Segment Open

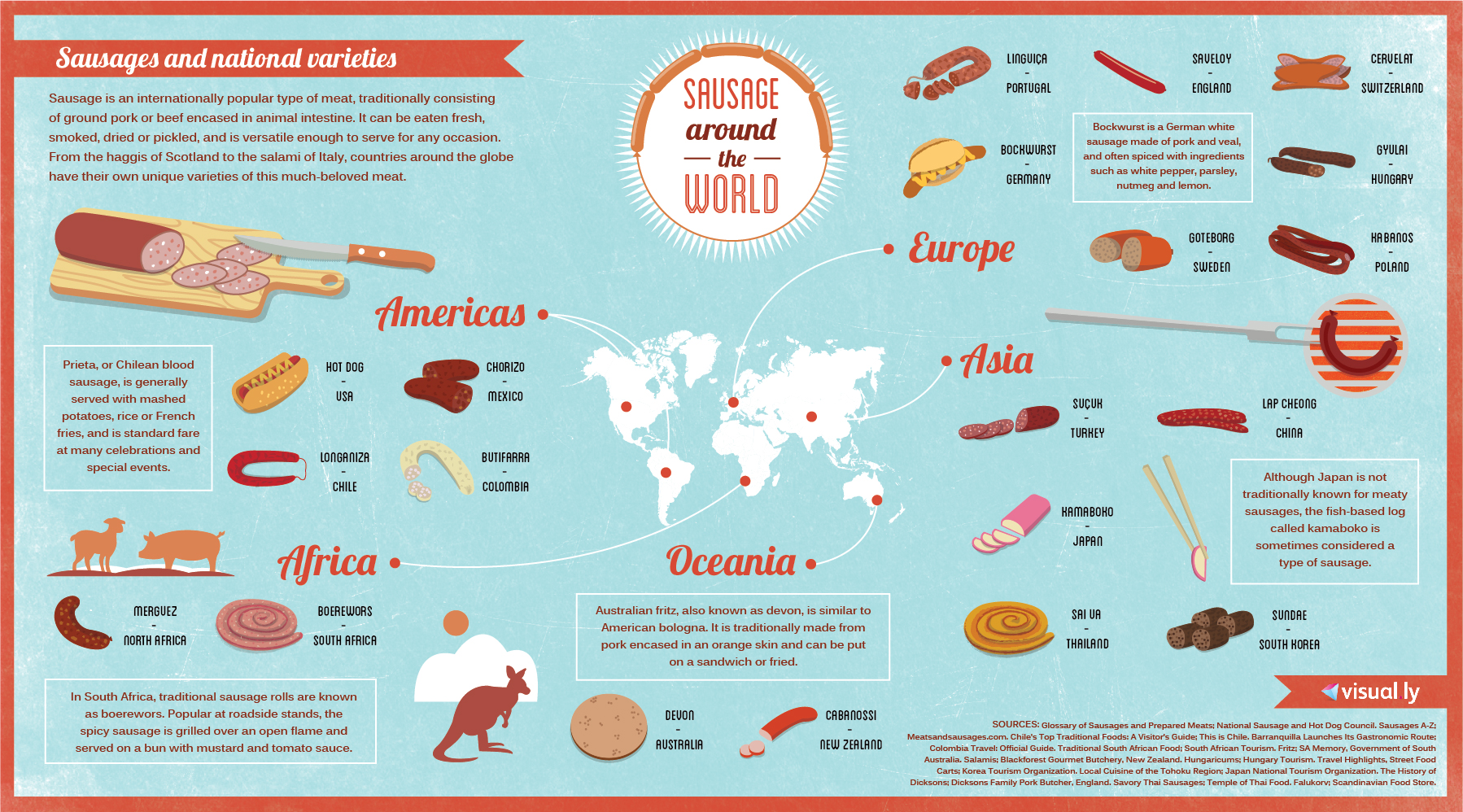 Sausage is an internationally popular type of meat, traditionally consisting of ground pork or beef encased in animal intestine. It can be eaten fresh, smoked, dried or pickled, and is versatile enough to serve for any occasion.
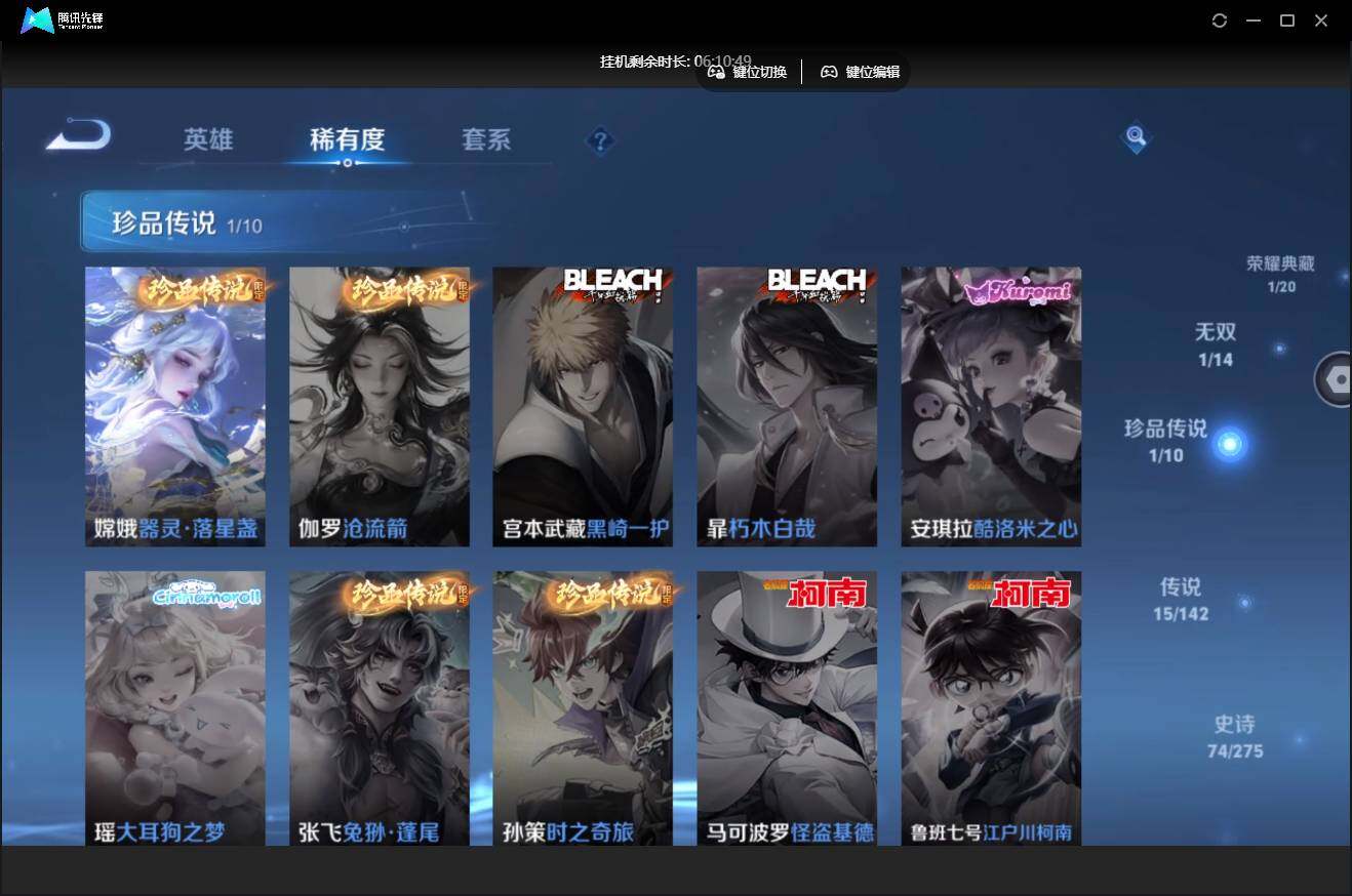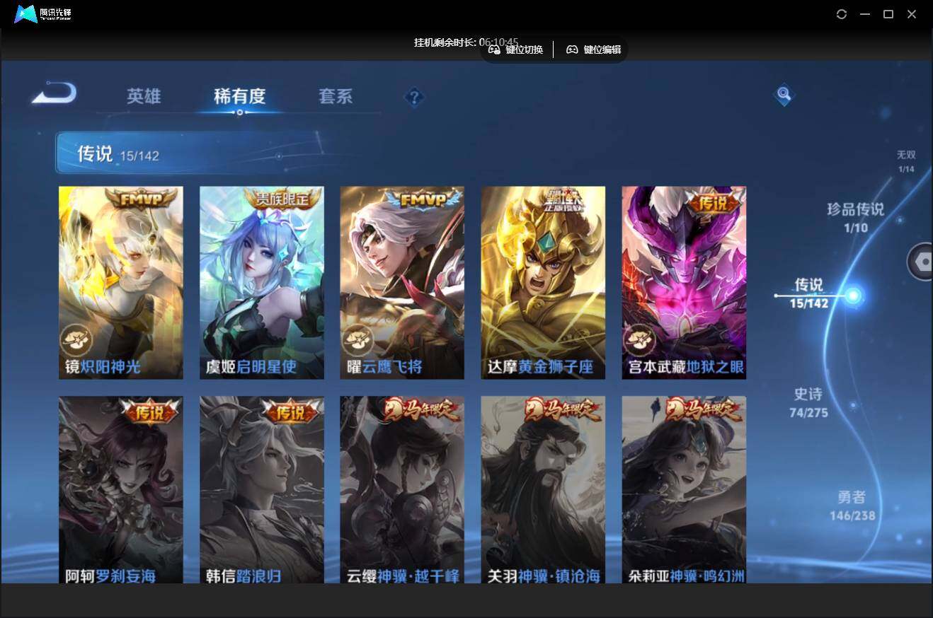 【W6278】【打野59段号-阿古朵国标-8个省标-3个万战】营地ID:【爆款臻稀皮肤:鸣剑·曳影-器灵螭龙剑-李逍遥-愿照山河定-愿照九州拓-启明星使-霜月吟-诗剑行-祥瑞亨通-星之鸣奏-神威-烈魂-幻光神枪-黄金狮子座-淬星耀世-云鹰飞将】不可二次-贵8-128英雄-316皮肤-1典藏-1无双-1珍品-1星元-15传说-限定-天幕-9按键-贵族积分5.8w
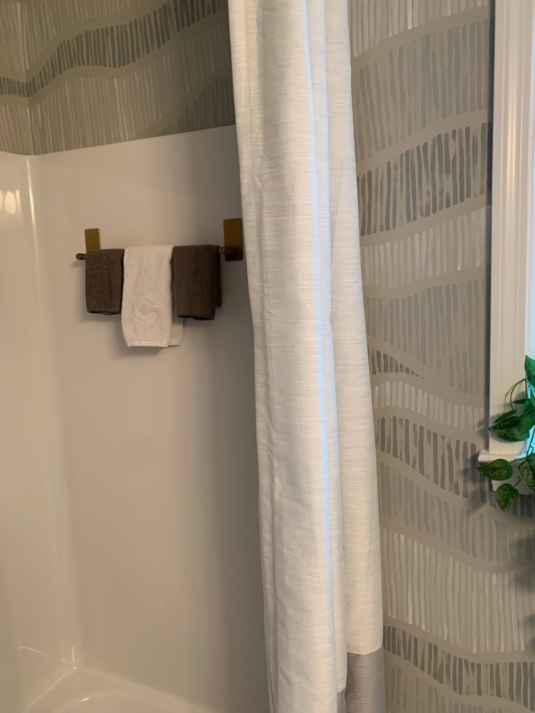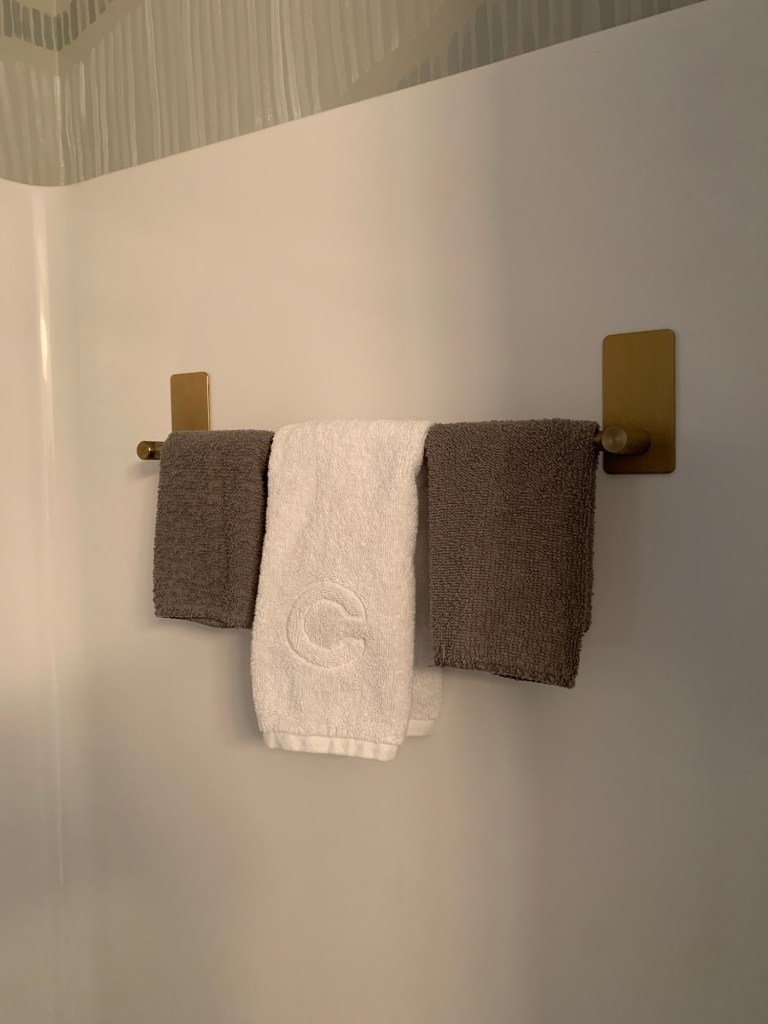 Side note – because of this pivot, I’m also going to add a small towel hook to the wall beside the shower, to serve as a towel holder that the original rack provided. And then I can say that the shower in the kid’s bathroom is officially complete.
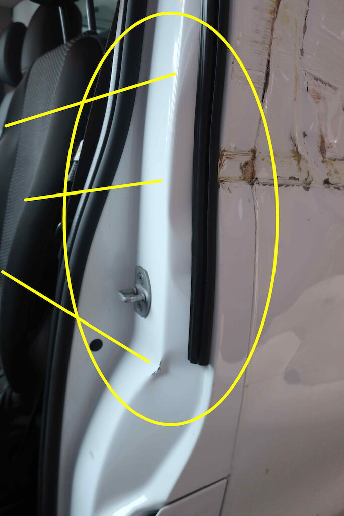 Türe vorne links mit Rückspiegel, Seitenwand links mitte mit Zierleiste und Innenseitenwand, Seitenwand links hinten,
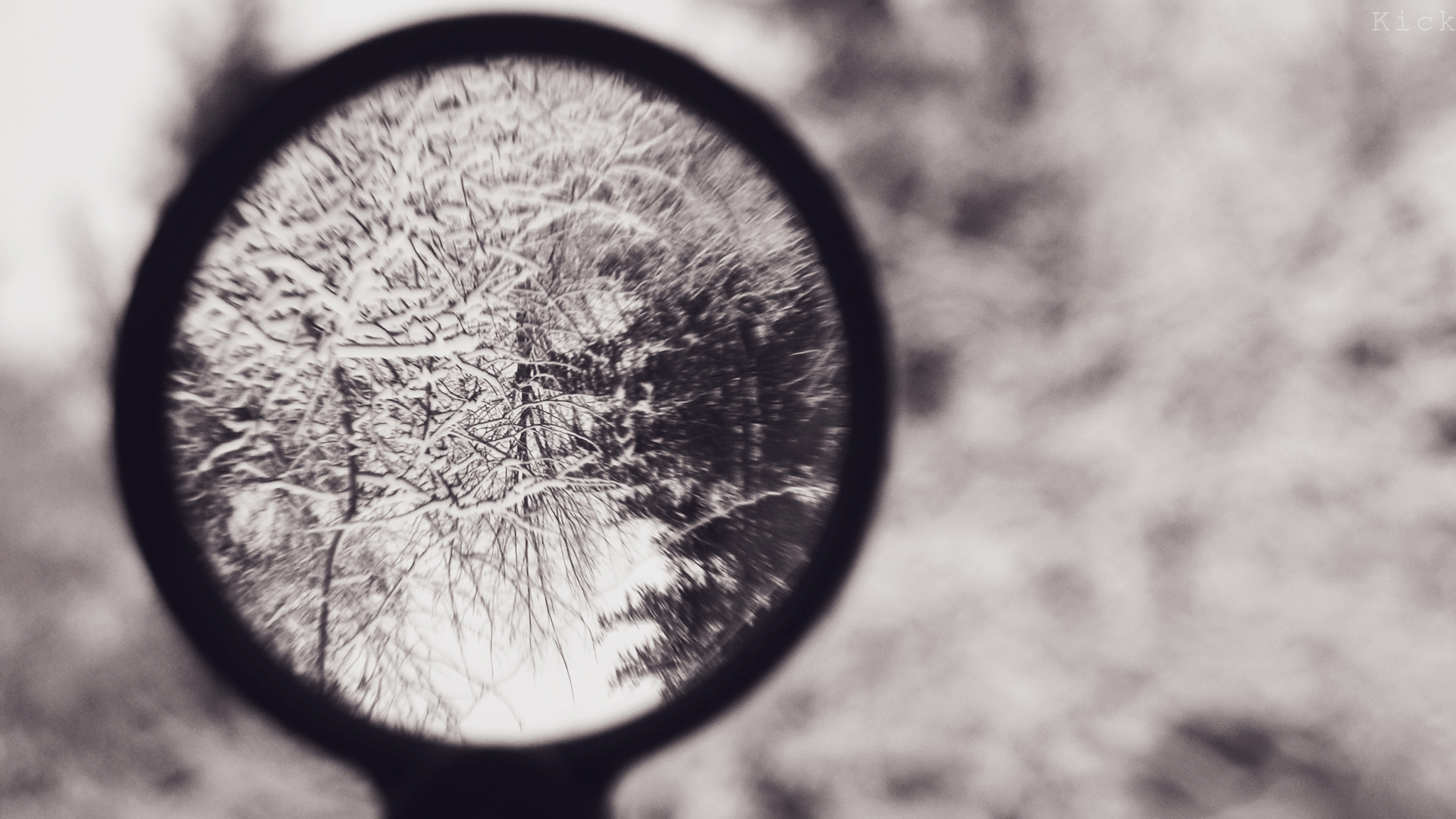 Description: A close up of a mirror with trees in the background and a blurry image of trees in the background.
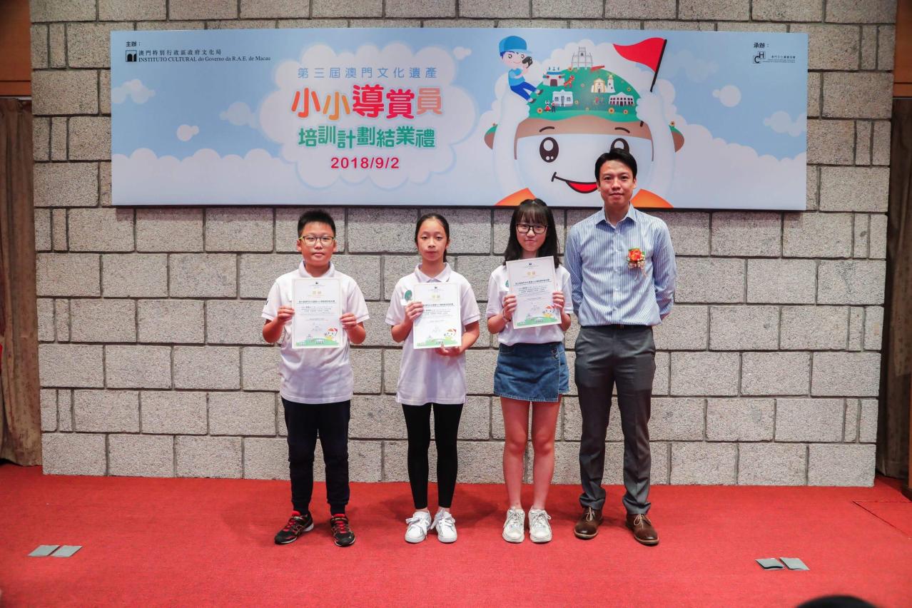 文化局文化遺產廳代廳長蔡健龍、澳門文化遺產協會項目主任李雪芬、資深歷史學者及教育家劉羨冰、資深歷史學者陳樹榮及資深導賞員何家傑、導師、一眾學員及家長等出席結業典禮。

Segment Closed

--- WHAT YOU WILL DO ---
Every record should come back exactly as it is, though none of the pictures should.

--- THE COMPLETED TASK ---
 Sausage is an internationally popular type of meat, traditionally consisting of ground pork or beef encased in animal intestine. It can be eaten fresh, smoked, dried or pickled, and is versatile enough to serve for any occasion.
 【W6278】【打野59段号-阿古朵国标-8个省标-3个万战】营地ID:【爆款臻稀皮肤:鸣剑·曳影-器灵螭龙剑-李逍遥-愿照山河定-愿照九州拓-启明星使-霜月吟-诗剑行-祥瑞亨通-星之鸣奏-神威-烈魂-幻光神枪-黄金狮子座-淬星耀世-云鹰飞将】不可二次-贵8-128英雄-316皮肤-1典藏-1无双-1珍品-1星元-15传说-限定-天幕-9按键-贵族积分5.8w
 Side note – because of this pivot, I’m also going to add a small towel hook to the wall beside the shower, to serve as a towel holder that the original rack provided. And then I can say that the shower in the kid’s bathroom is officially complete.
 Türe vorne links mit Rückspiegel, Seitenwand links mitte mit Zierleiste und Innenseitenwand, Seitenwand links hinten,
 Description: A close up of a mirror with trees in the background and a blurry image of trees in the background.
 文化局文化遺產廳代廳長蔡健龍、澳門文化遺產協會項目主任李雪芬、資深歷史學者及教育家劉羨冰、資深歷史學者陳樹榮及資深導賞員何家傑、導師、一眾學員及家長等出席結業典禮。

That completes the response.